Authors: Wai-Kong Lee, Hwajeong Seo, Seong Oun Hwang, Angshuman Karmakar, Jose Maria Bermudo Mera, and Ramachandra Achar


Dot-product is a widely used operation in many machine learning and scientific computing algorithms. Recently, NVIDIA has introduced dot-product instructions (DP2A and DP4A) in modern GPU architectures, with the aim of accelerating machine learning and scientific computing applications. These dot-product instructions allow the computation of multiply-and-add instructions in a clock cycle, effectively achieving higher throughput compared to conventional 32-bit integer units.

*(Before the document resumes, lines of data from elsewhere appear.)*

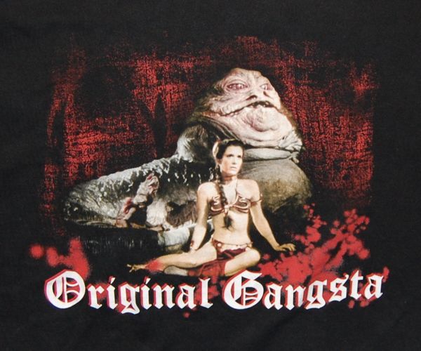 This is a shirt sold a few years ago, possibly at Hot Topic stores, although I got mine on eBay. It shows Leia and Jabba, with the motto “Original Gangsta” underneath. Thematically, it’s kind of similar to the “Slug Life” shirt I got from etsy.com.
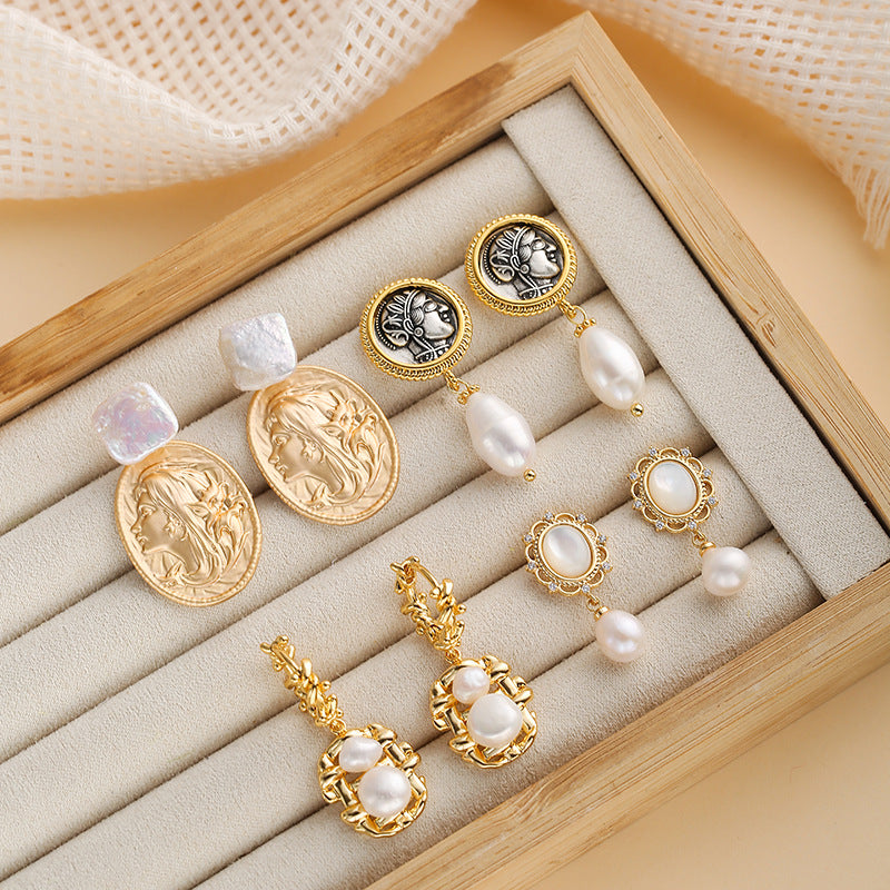 Wholesale Baroque Real Pearl Earrings S925 Silver Needle Ear Jewelry
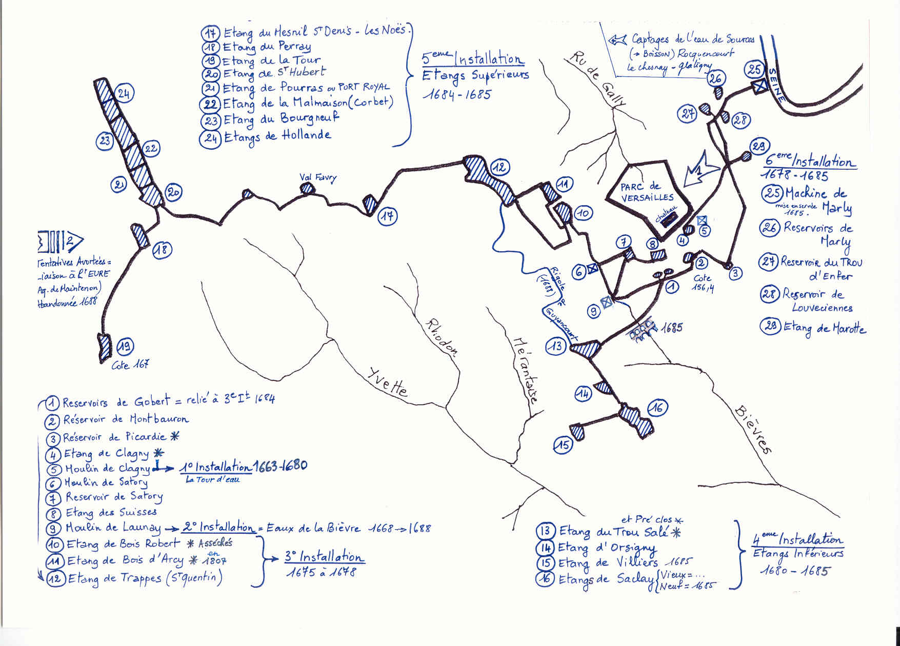 réservoir de Thetys, ceux de Bois d’Arcy et Bois Robert (asséchés en 1807) à 8 m au-dessus. Le drainage du plateau de Saclay et
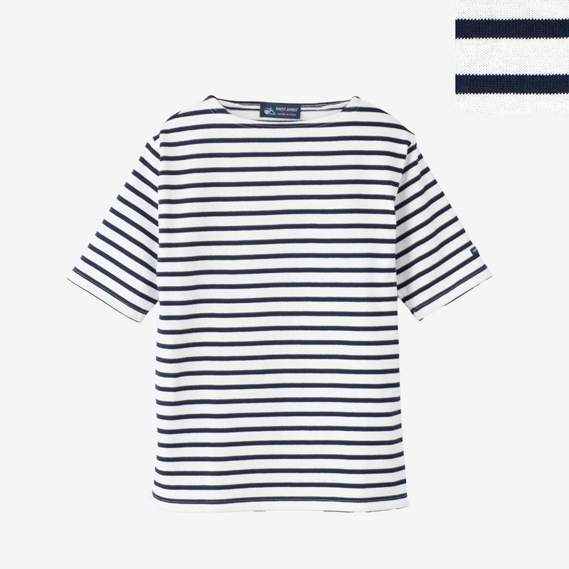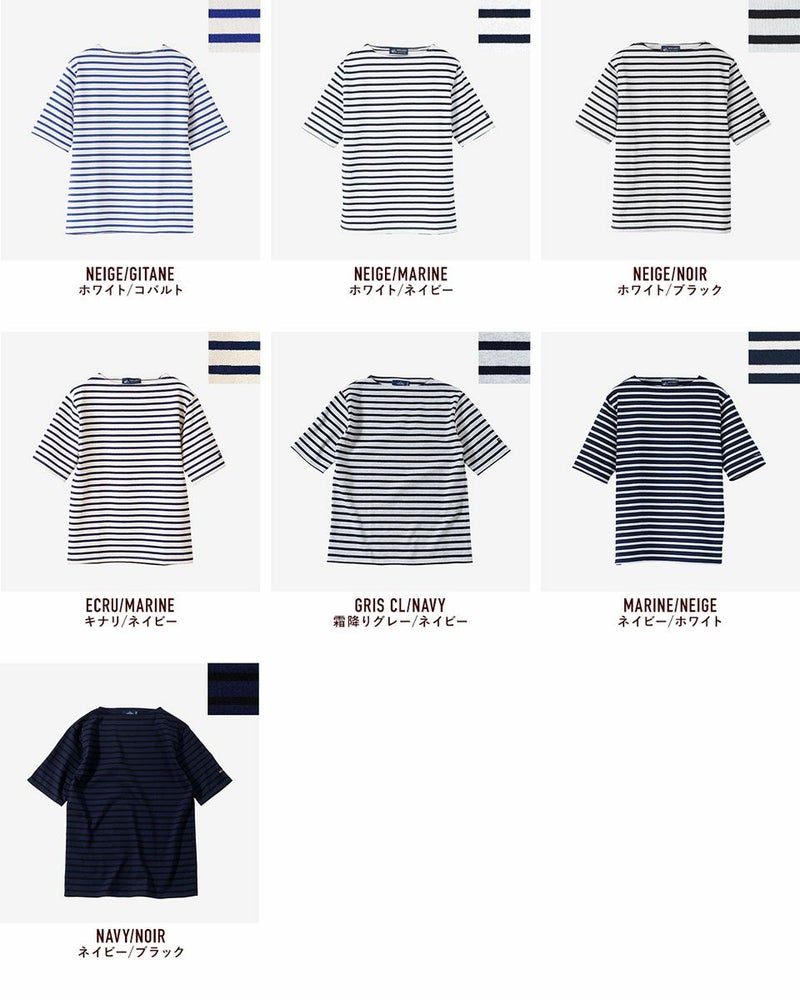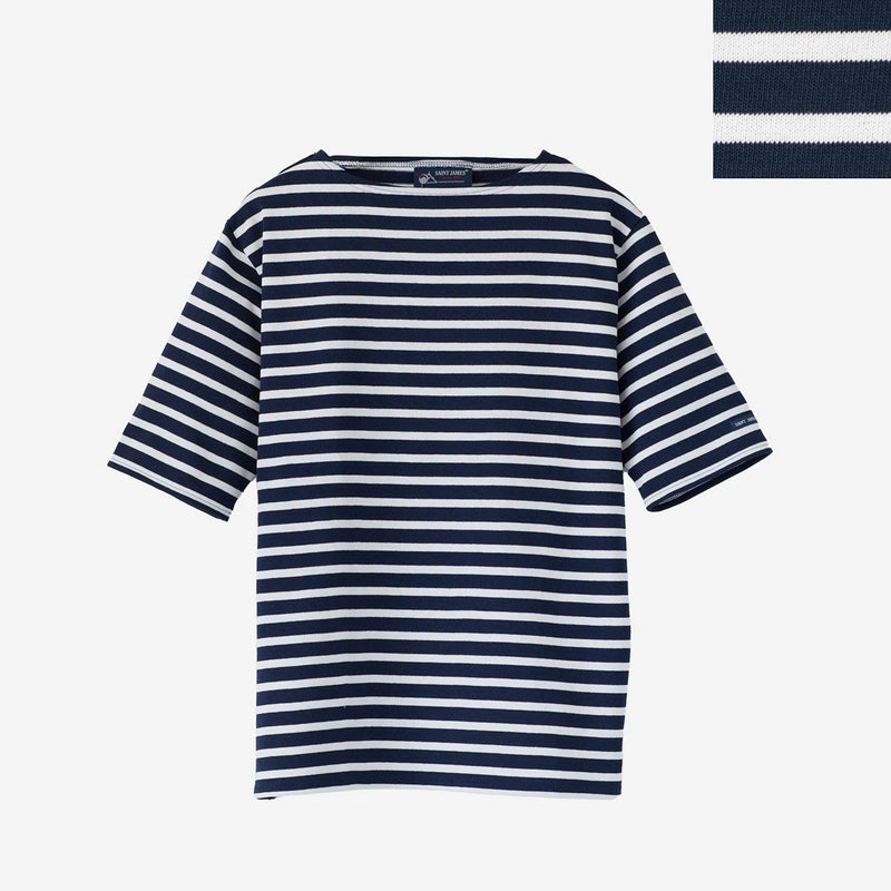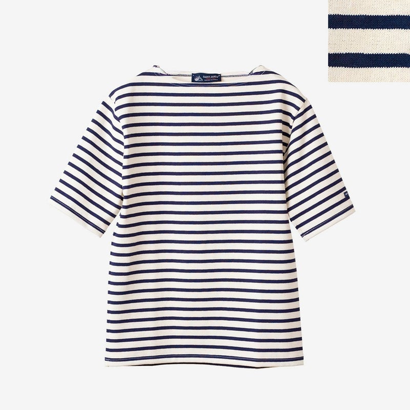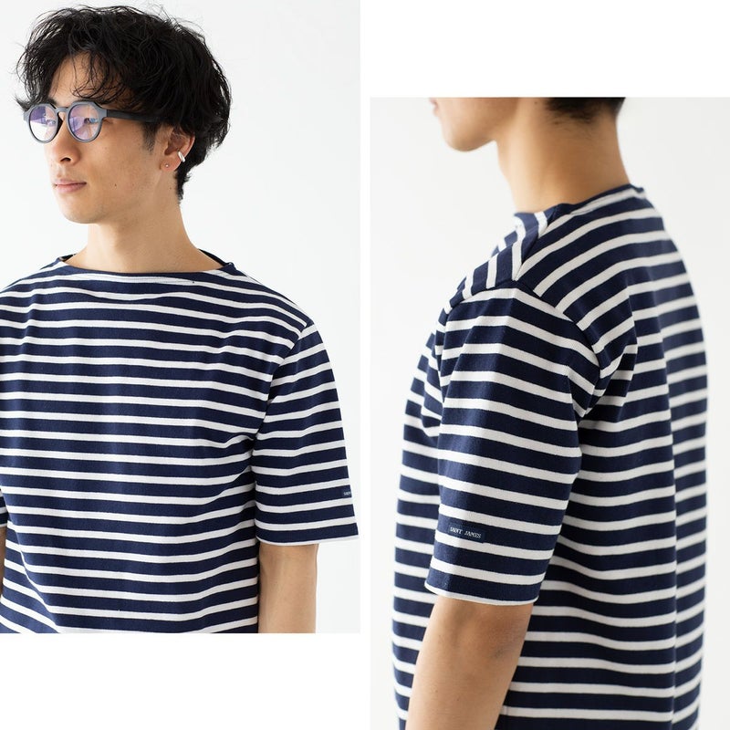 セントジェームスの定番、ウエッソンの五分袖モデル。ハリ感のあるバスクシャツ特有の肌ざわり、洗濯を重ねてもヘタることのないタフさ、着こむほどに体に馴染んでいく風合いがポイント。
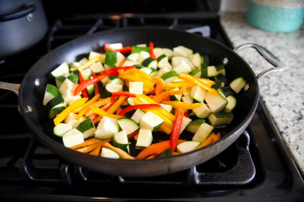 While the orzo bubbled away in a big pot, I cooked the veggies together with olive oil, chopped garlic, salt, and pepper.

In this paper, we show that the dot-product instruction can also be used to accelerate matrix-multiplication and polynomial convolution operations, which are commonly found in post-quantum lattice-based cryptographic schemes. In particular, we propose a highly optimized implementation of FrodoKEM, wherein the matrix-multiplication is accelerated by the dot-product instruction. We also present specially designed data structures that allow an efficient implementation of Saber key encapsulation mechanism, utilizing the dot-product instruction to speed-up the polynomial convolution. The proposed FrodoKEM implementation achieves 4.37x higher throughput in terms of key exchange operations per second than the state-of-the-art implementation on V100 GPU. This paper also presents the first implementation of Saber on GPU platforms, achieving 124,418, 120,463, and 31,658 key exchange operations per second on RTX3080, V100, and T4 GPUs, respectively. Since matrix-multiplication and polynomial convolution operations are the most time-consuming operations in lattice-based cryptographic schemes, our proposed techniques are likely to benefit other similar algorithms. The proposed high throughput implementation of KEMs on various GPU platforms allows the heavy computations (KEMs) to be offloaded from the server. This is very useful for many emerging applications like Internet of Things and cloud computing.